- London, Negeri Sembilan Malaysia

Information
- Type: Fully Residential School
- Motto: Berilmu Beriman Berbakti Knowledgeable Believe Serve
- School code: SMSTM (formerly SMSSr)
- Principal: Tuan Adam@karim bin Malek
- Grades: Form 1 to Form 5
- Gender: Male and Female
- Age range: 13 - 17
- Enrollment: approx. 500
- Classes: Alfa, Beta, Delta, Epsilon
- Language: Malay, English
- Houses: Tuah Lekir Kasturi Jebat
- Colours: Blue Green
- Slogan: SASER Namamu Teratas
- Yearbook: SASER
- Affiliations: Sekolah Berasrama Penuh High-performing Schools
- Alumni: SASER Old Boys' Association (SASEROBA)
- Website: www.saser.edu.my

= SMS Tuanku Munawir =

Sekolah Menengah Sains Tuanku Munawir (Tuanku Munawir Science School; abbreviated SASER; formerly known as Sekolah Menengah Sains Seremban), is an all-boys boarding school located in Seremban, Negeri Sembilan, Malaysia. Established in February 2002, it is one of the best schools under the Sekolah Berasrama Penuh (SBP) and was awarded as the best school in Malaysia for the 2006, 2007, 2008, 2009, 2010, 2014 and 2015 Sijil Pelajaran Malaysia (SPM) result achievement.

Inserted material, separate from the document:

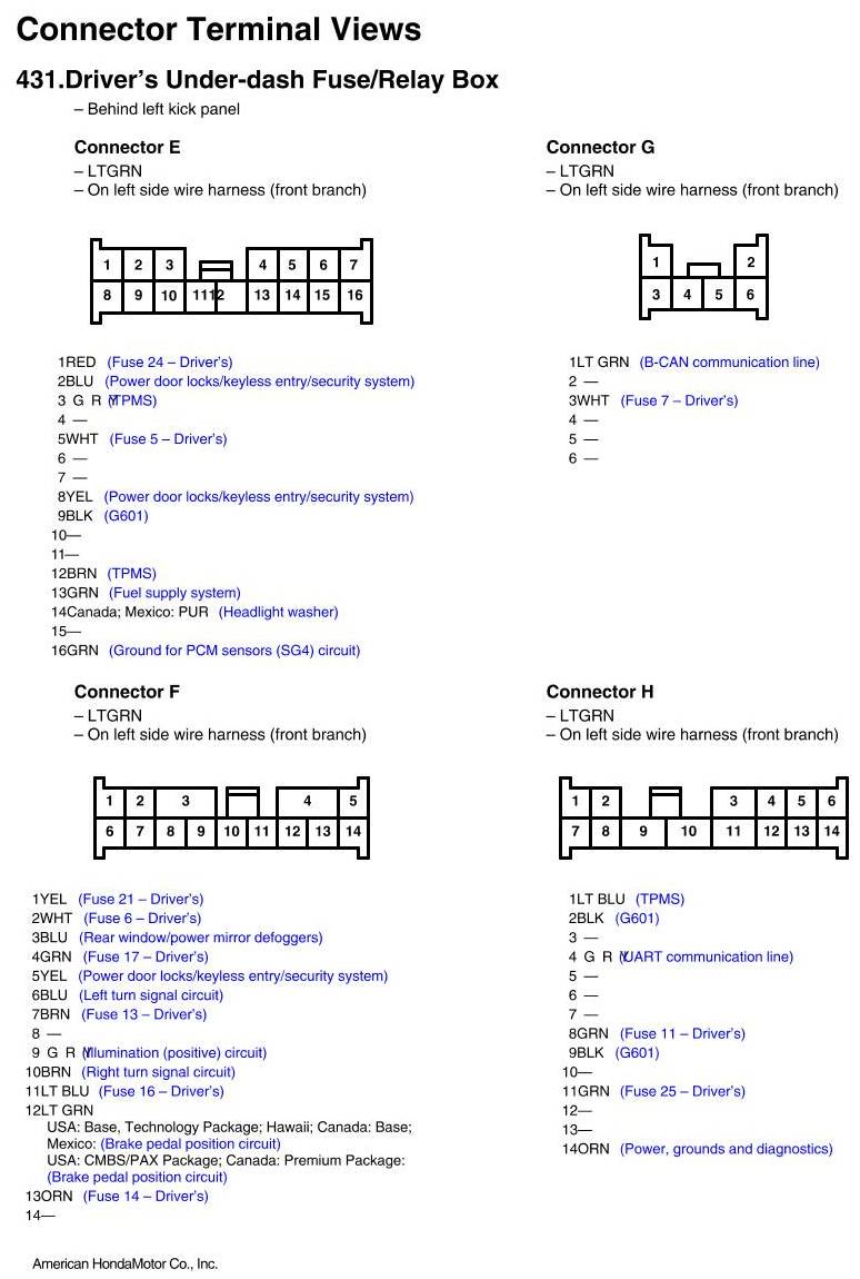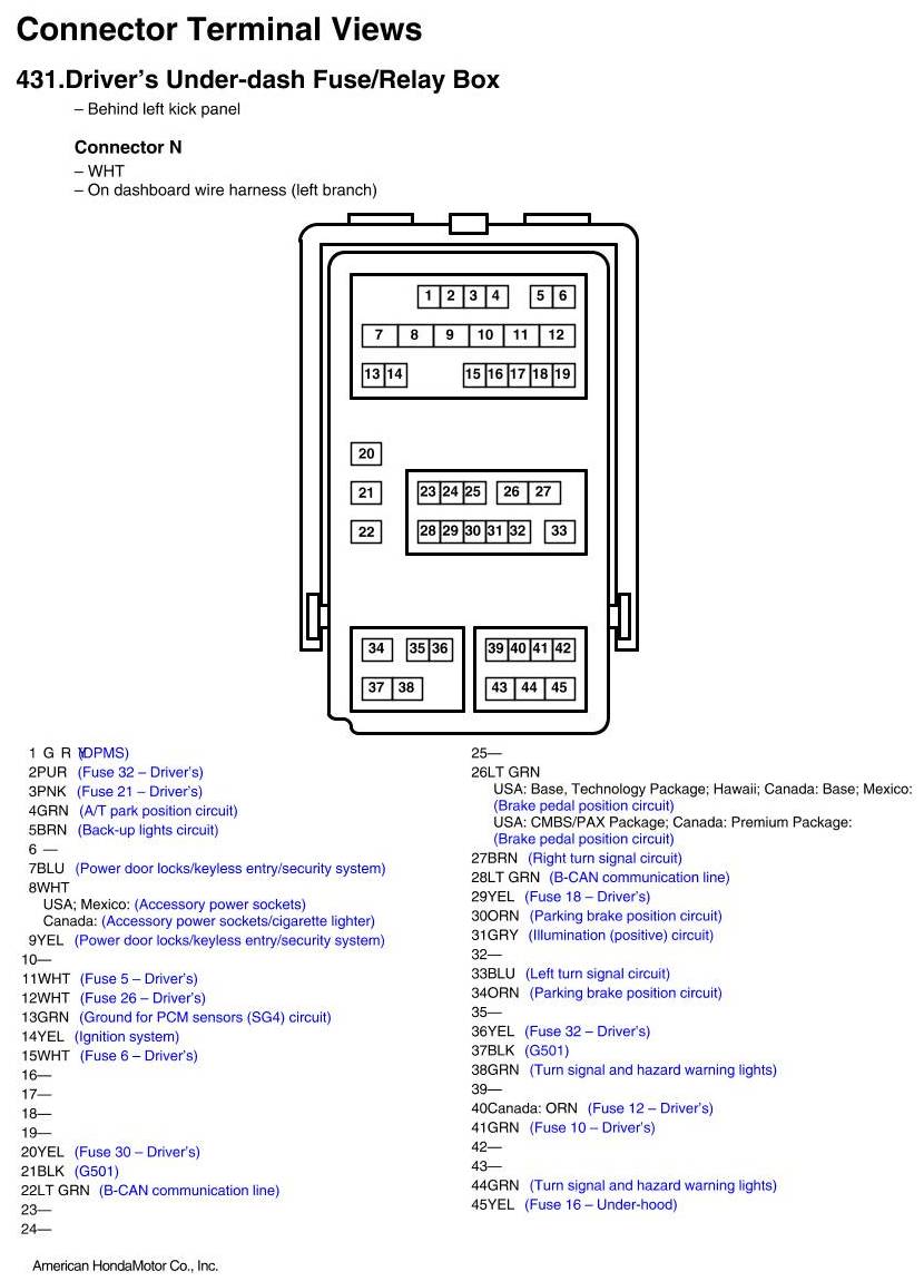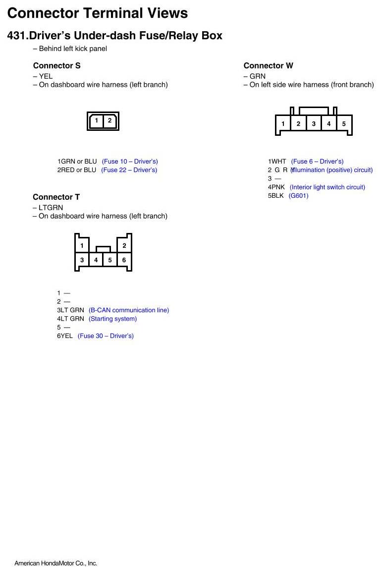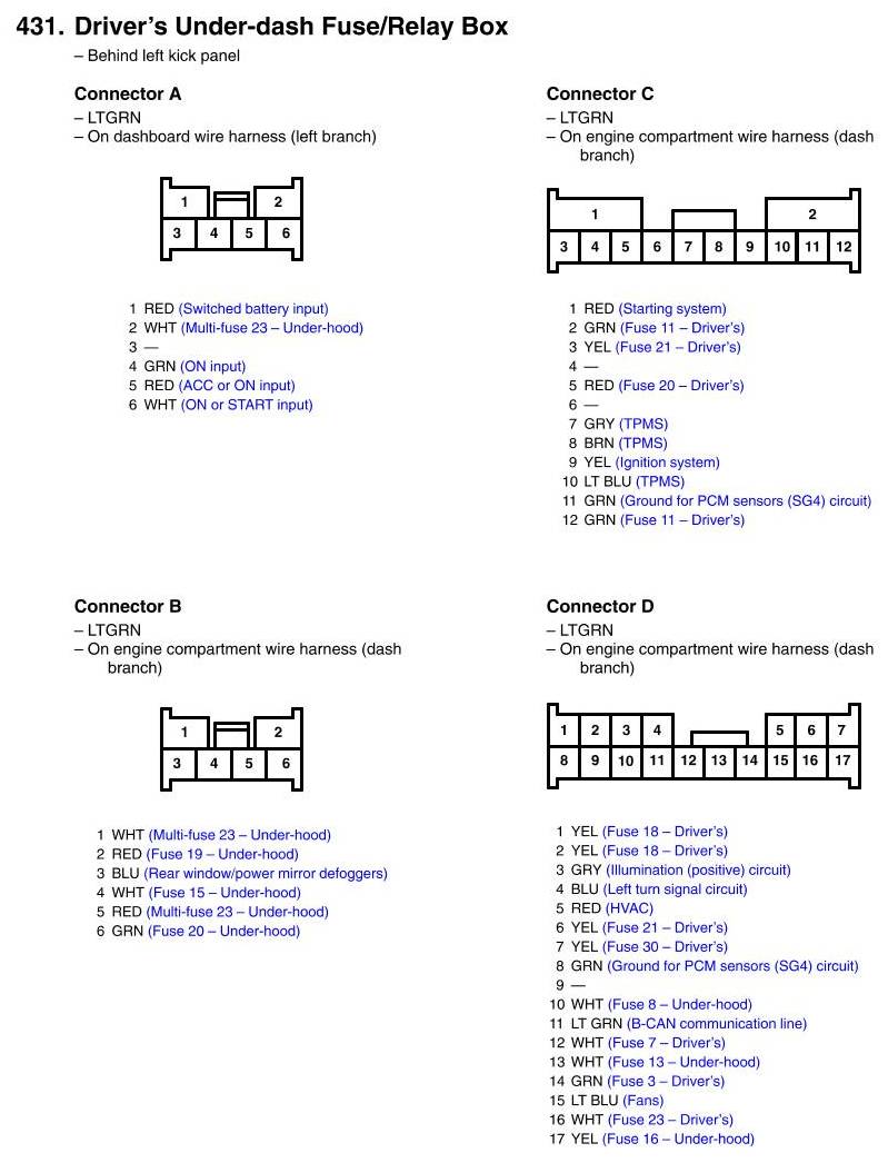 View 431 - Driver's Under-dash Fuse/Relay Box Connector View

In 2009, SASER became the first MOE's school to achieve a GPS for the SPM of below 1.0 which was 0.97. In SPM 2010, it created the best record for GPS SPM of below 0.9 which was 0.89. SASER also created a record in producing the highest number of candidates obtaining straight A+ in SPM 2010 with 16 students. The highest number of straight A+ in the history of SPM is held by Sekolah Tun Fatimah in SPM 2013 with 21 students.

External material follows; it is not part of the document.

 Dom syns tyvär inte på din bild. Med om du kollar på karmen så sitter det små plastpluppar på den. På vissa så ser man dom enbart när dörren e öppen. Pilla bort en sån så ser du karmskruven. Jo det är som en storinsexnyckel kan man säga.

The school's performance in the 2012 SPM is the second best among SBP's with GPS 1.06, behind Sekolah Seri Puteri. In 2011 and 2013, SASER got 5th place among SBP's. The number one SBP for that year was Kolej Tunku Kurshiah and Sekolah Tun Fatimah respectively.

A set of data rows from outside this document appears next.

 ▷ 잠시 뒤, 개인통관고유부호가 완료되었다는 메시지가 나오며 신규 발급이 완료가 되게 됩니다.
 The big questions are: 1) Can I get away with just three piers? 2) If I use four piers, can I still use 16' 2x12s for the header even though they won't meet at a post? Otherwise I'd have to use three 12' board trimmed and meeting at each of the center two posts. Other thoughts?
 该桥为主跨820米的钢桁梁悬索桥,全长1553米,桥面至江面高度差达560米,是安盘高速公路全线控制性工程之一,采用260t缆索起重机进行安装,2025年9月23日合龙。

In 2011, the school was awarded with the Sekolah Berprestasi Tinggi or High Performance School title, a title awarded to schools that have met stringent criteria including academic achievement, international recognition, network and linkages. The school is specialises in Innovation Team, Seni Tari Randai and Caklempong.

For SPM 2015, SASER once again maintain its success by being the top school in the whole of Malaysia.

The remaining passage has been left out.